Aisha Saad ’09, Vishwajith Sridharan ’14, and Heidi Vuletich were recently selected as recipients of The Paul & Daisy Soros Fellowships for New Americans. This is the first time Carolina has had more than one person selected as a Paul & Daisy Soros Fellow in the same year.
Each year The Paul & Daisy Soros Fellowships for New Americans grant up to $90,000 to 30 people for tuition, fees, and stipend support over two years of graduate study in any field and in any advanced degree-granting program in the U.S. for immigrants and children of immigrants. Awardees gain membership in an active community of current and past Fellows that includes U.S. Surgeon General Vivek Murthy.
This merit-based competition seeks applicants with demonstrated creativity, originality, initiative, and sustained accomplishment. Commitment to the Constitution and the Bill of Rights is valued, and the program has no quotas for types of degrees, universities or programs, countries of origin, or gender.
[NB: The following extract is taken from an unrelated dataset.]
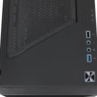 Органы на панели следующие: впереди большая квадратная кнопка Power, затем порт USB 3.0, пара аудиоразъемов, порт USB 2.0 и три кнопки, управляющие подсветкой. Кнопка Reset отсутствует. Такое расположение портов USB позволит одновременно подключать к ним широкие устройства, но в некоторых случаях может быть затруднен доступ к звуковым гнездам.

“We congratulate Aisha, Vish, and Heidi on their selection as Paul & Daisy Soros Fellows,” said Chancellor Carol L. Folt. “We are proud to have such distinguished scholars as part of our Tar Heel family. We are a stronger, more diverse Carolina community thanks in part because of the contributions made by students who were born in other countries and complete their studies here before they embark on careers of service in our state, nation and world.”
“We were thrilled to learn that Aisha, Vish, and Heidi were recognized for their potential and achievements,” said Mary Floyd-Wilson, director of Carolina’s Office of Distinguished Scholarships. “The Paul & Daisy Soros Fellowships for New Americans is an incredible resource in that it eliminates financial barriers for young people who are determined to succeed and serve.”
Saad, 28, was born in Cairo, Egypt and moved to the U.S. with her family during her childhood. She came to Carolina as a Morehead-Cain Scholar and double majored in environmental sciences and engineering from the Gillings School of Global Public Health and Romance languages from the College of Arts and Sciences. After being selected in fall 2008 as a Rhodes Scholar, she earned master’s and doctoral degrees at the University of Oxford and taught for two years at the American University in Cairo. Saad is currently earning a juris doctorate at Yale Law School and plans to pursue both legal scholarship and impact litigation to assist marginalized communities that are fighting environmental and corporate injustice. “It’s no exaggeration to say that UNC instilled the values and foundations that have animated my later academic and professional experiences with academic rigor, commitment to the public interest and a joy of discovery and adventure,” said Saad.
Sridharan, 24, moved to the U.S. from southern India during elementary school. While earning his bachelor’s degree in chemistry from the College of Arts and Sciences as a Chancellor’s Carolina Scholar, he was recognized as a Goldwater Scholarship Honorable Mention and a Buckley Public Service Scholar, became a member of Phi Beta Kappa, and served as development director for the Community Empowerment Fund. Sridharan is currently earning a medical degree in the Harvard-MIT Health Sciences program and an MBA at Harvard Business School and hopes to develop translational therapeutics that can be brought to market and benefit cancer care in underserved communities. “I have only fond memories of my time in Chapel Hill,” said Sridharan. “UNC is a place that teaches you that service to your community matters, and teaches you life lessons that are just as important as those learned in the classroom.”
Vuletich, 27, was born in Chihuahua, Mexico and moved to the U.S. at age five, attending school in both countries until high school. She earned a bachelor’s of science in neuroscience from Regis University in 2011, and is currently enrolled in the College of Arts and Sciences’ department of psychology and neuroscience as its first dual program doctoral student. “My future goal is to work at a research university,” said Vuletich. “I would like to continue investigating the barriers to academic achievement and motivation in underserved youth. This award will allow me to work towards that goal by enabling me to focus more time on research but will also provide me with an opportunity to gain invaluable teaching experience.”
Paul and Daisy Soros, Hungarian immigrants and American philanthropists, established their Fellowship program for New Americans in December 1997 with a charitable trust of fifty million dollars. In 2010, Mr. and Mrs. Soros contributed an additional $25 million to the charitable trust that funds their Fellowships for New Americans.